Having now considered the merits, we agree with Sofia that Hamid’s contentions lack merit. He claims the trial court exceeded its authority under section 1101 by awarding Sofia a sum equal to the community funds invested in the asset because the statute itself purportedly restricts her potential relief to either an “interest in the allegedly undisclosed asset” or an award “premised upon . . . the value of that asset.” We reject that argument because the statute expressly authorizes remedies which “shall include, but not be limited to” those two measures (section 1101, subds. (g) and (h), italics added), and because the amount paid for an asset is presumptive evidence of its value.

Hamid’s other contentions fare no better. He challenges the sufficiency of the evidence to support the judgment by (1) making conclusory assertions that are unsupported by any citation to the record, and (2) ignoring the evidence supporting it. His reliance on the statute of limitations and the doctrine of laches were both waived when he failed to appeal from the court’s earlier order setting aside portions of the earlier marital dissolution judgment—a ruling he largely ignores. Hamid’s assertion that Sofia’s claim against him was barred by the mutual release provision incorporated into that earlier marital dissolution judgment fails because it ignores the earlier set-aside order. The judgment is therefore affirmed.

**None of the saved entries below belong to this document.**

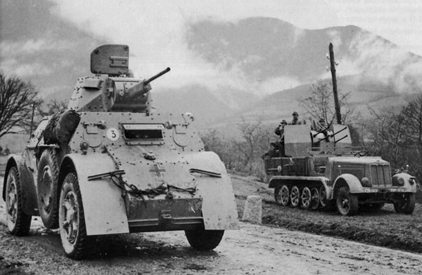 Panzerspähwagen AB41 201(i) a Sd.Kfz. 7/1 bojují proti partyzánům v jugoslávských horách, vozidlo dostalo prodloužení předních blatníků chránící pneumatiky před prostřelením, zdroj: flickr.com se souhlasem publikujícího uživatele, upraveno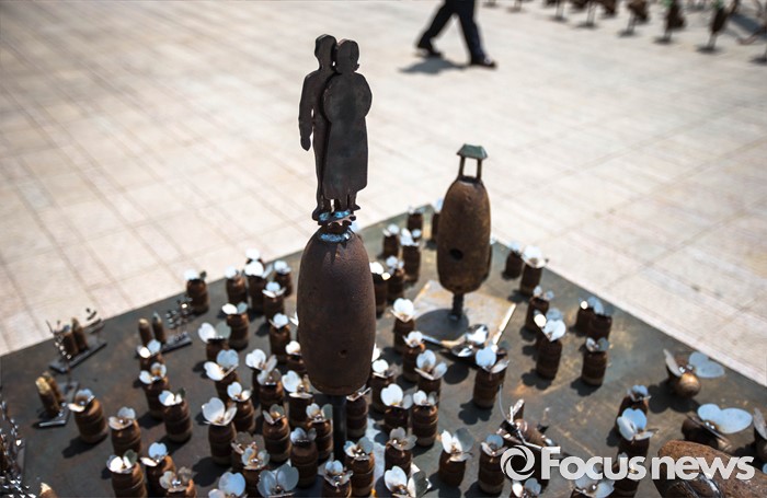 (서울=포커스뉴스) 22일 오후 서울 중구 서울광장에서 '전쟁 없는 세상을 위한 에이이브이(Art's Eye View) 프로젝트 전시가 열리고 있다. 미공군의 사격장으로 쓰였던 경기도 매향리에서 반출된 포탄 및 탄피를 활용, 1000여점의 예술작품으로 만든 이번 전시는 오는 24일까지 열릴 예정이다.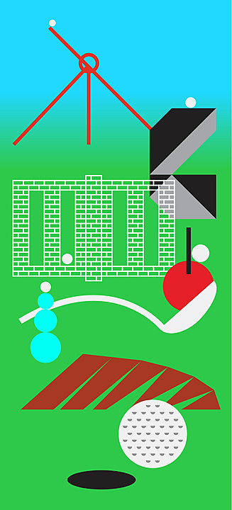 Riffing off the multiple meanings of rock, Rock! Garden by Dysart will require bank shots off colorful, glittery fiberglass rocks that will contain musical instruments (xylophone, tambourine, drum, taut strings). The hole borrows its layout from an iconic Zen rock garden while its aesthetic stems from the flashy finishes of musical instruments. Players will have to unleash their inner rockstar to gain the enlightenment of a birdie.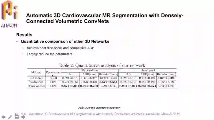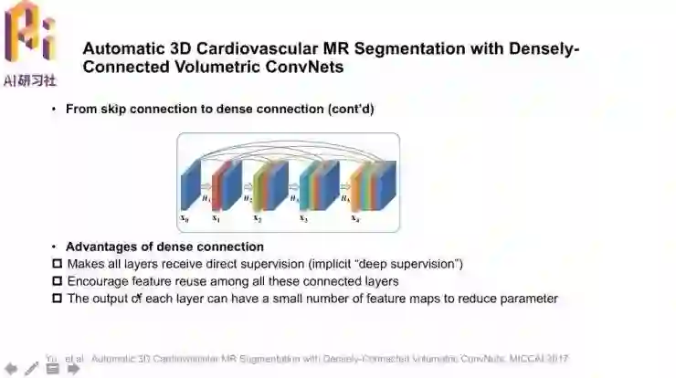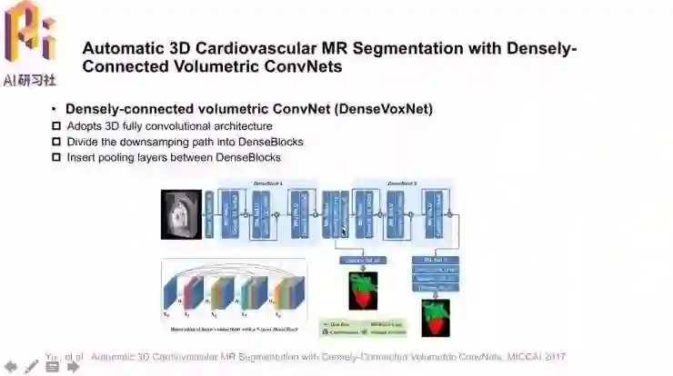 这篇论文「Automatic 3D Cardiovascular MR Segmentation with Densely-Connected Volumetric ConvNets」也就来自陈浩博士团队,任务目标是全心脏的三维体积分割,采用了三维全卷积神经网络,并且把下采样的路径分成了不同的DenseBlock块,在不同的DenseBlock中增加池化层增大感受野。

The usual remedy for a frivolous appeal is a motion for sanctions on appeal, which Sofia has requested. We decline to rule on that motion. The trial court has already ruled that Sofia is entitled to an award of attorney fees and sanctions in this case pursuant to Family Code section 2107, subdivision (c), as part of the remedy for Hamid’s misconduct, but then stayed a ruling as to the amount of those fees and sanctions until after the resolution of this appeal. On remand, the trial court shall consider and incorporate the additional expense of this appeal in calculating the appropriate amount of fees and sanctions to award to Sofia.

FACTS

The parties were married, for the second time, in May 2000, and then separated again in January 2005. Their marital dissolution case went to trial over disputed assets and other financial issues, but they entered into a settlement agreement, including a mutual release of unknown claims, before the trial concluded. In May 2009, the court entered judgment in accordance with that settlement.

In March 2013, Sofia moved to set aside the judgment, alleging that (1) Hamid had submitted incomplete schedules of assets and debts during the marital dissolution proceeding; and (2) he had misrepresented at trial both the nature and amount of a purported $700,000 loan he had made to his cousin, Hootan Daneshmand.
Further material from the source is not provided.